Après vingt-trois années passées en prison et 9 millions de pesos colombiens (3 500 euros) versés en caution, John Jairo Velasquez Vasquez est sorti mardi 27 août à 21 h 3 de la prison haute sécurité de Combita, où il avait passé ses douze dernières années de détention. Il faut dire qu’en matière de chiffres et de dates cet homme de 52 ans à la fossette facile et aux cheveux grisonnants aime la précision.

C’est en 1974, à 12 ans et 5 jours, que le petit John, qui grandissait dans la bourgade montagneuse de Yarumal, dans le nord de la Colombie, comprit qu’il était d’une espèce différente. Un jeudi, précise-t-il dans ses Mémoires.

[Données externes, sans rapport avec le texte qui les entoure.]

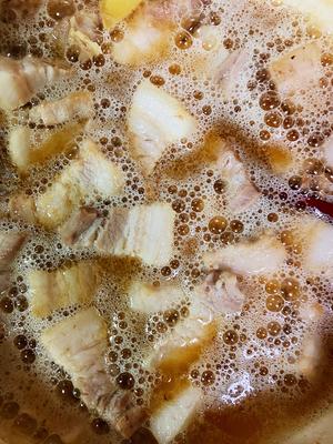 8. 加入2勺生抽?2勺老抽?3小塊冰糖,蓋鍋蓋中火燉20分鐘。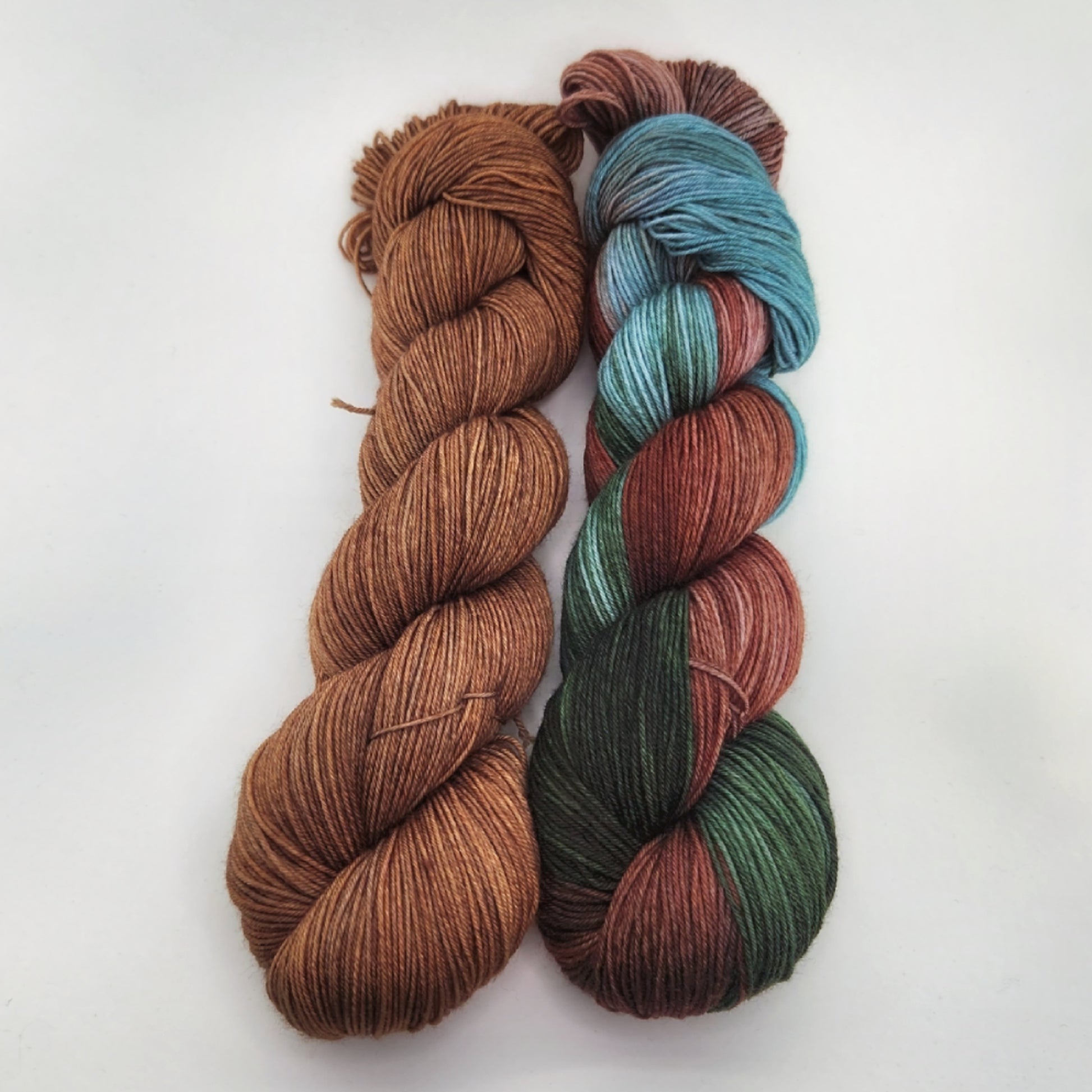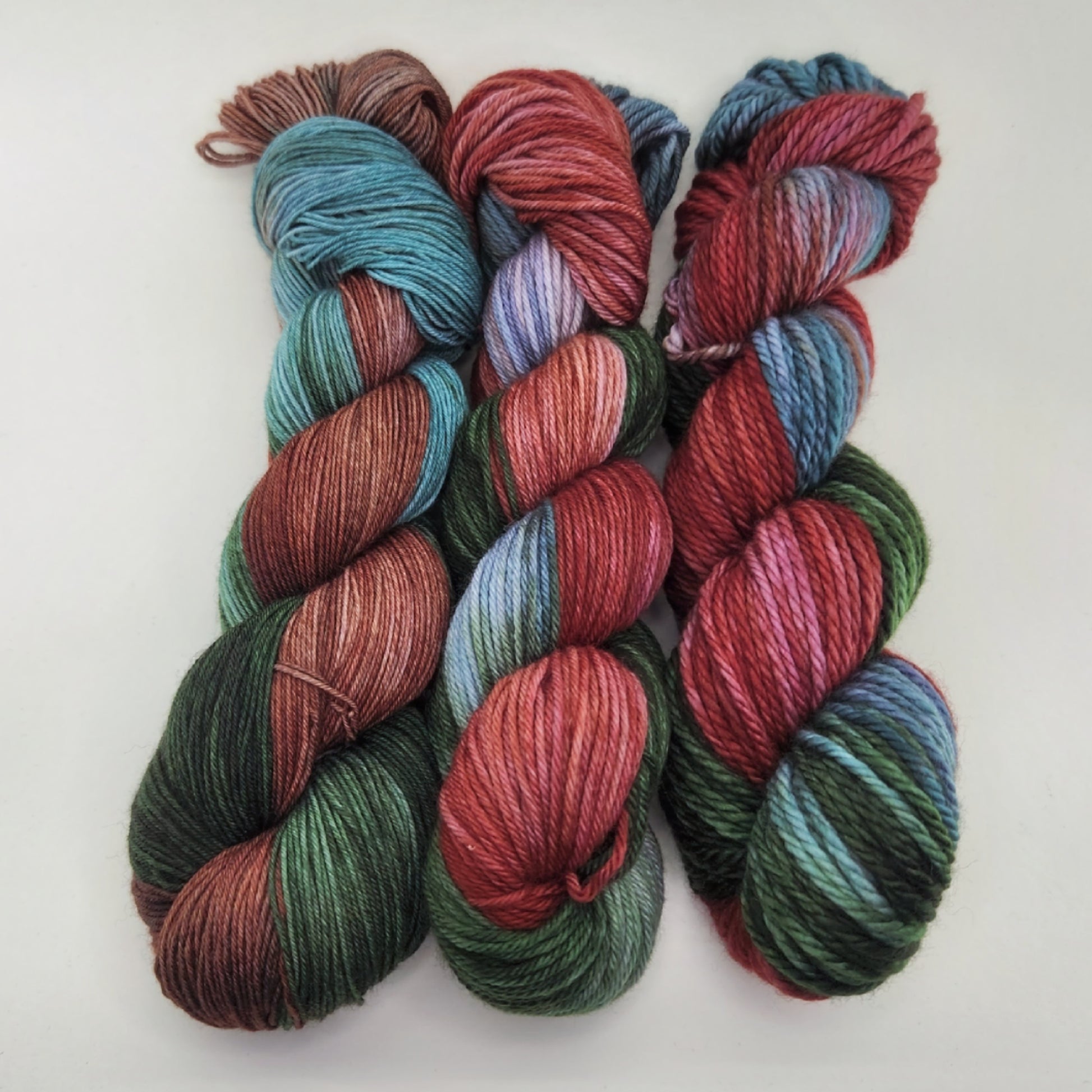 Photos on the product listings are examples of the colorway you will receive. I try to include different bases as the different fiber contents can take the dye differently. I use the same dye formulations when reproducing colorways, but due to the hand dyed nature and the difference in computer screens, the product you receive my look slightly different than the original photo. The appearance of the colorway and the saturation may differ from time to time, which adds to the uniqueness of the yarn. Multiple skein orders will always be dyed together to help ensure consistency within ordered colorways.

Alors qu’il sort de l’école, le jeune garçon se rend chez son glacier préféré pour acheter une gourmandise. Il assiste alors à un règlement de comptes entre deux hommes. L’un des deux meurt d’un coup de machette dans la jugulaire. « Le sang a jailli. Les gens sont partis en courant, effrayés par ce déchaînement d’horreur. Je n’ai pas couru. Le sang me fascinait. »

C’est après cet événement que « lentement et sans [s]’en rendre compte », John Jairo Velasquez Vasquez est devenu « Popeye », le tueur à gages préféré du légendaire chef du cartel des narcotrafiquants de Medellin, Pablo Escobar.

« POPEYE, ES-TU PRÊT À MOURIR À MES CÔTÉS ? »

Engagé un temps dans la marine, puis après avoir intégré pendant quelques mois les cadets de la police nationale, l’homme végète en multipliant les petits boulots.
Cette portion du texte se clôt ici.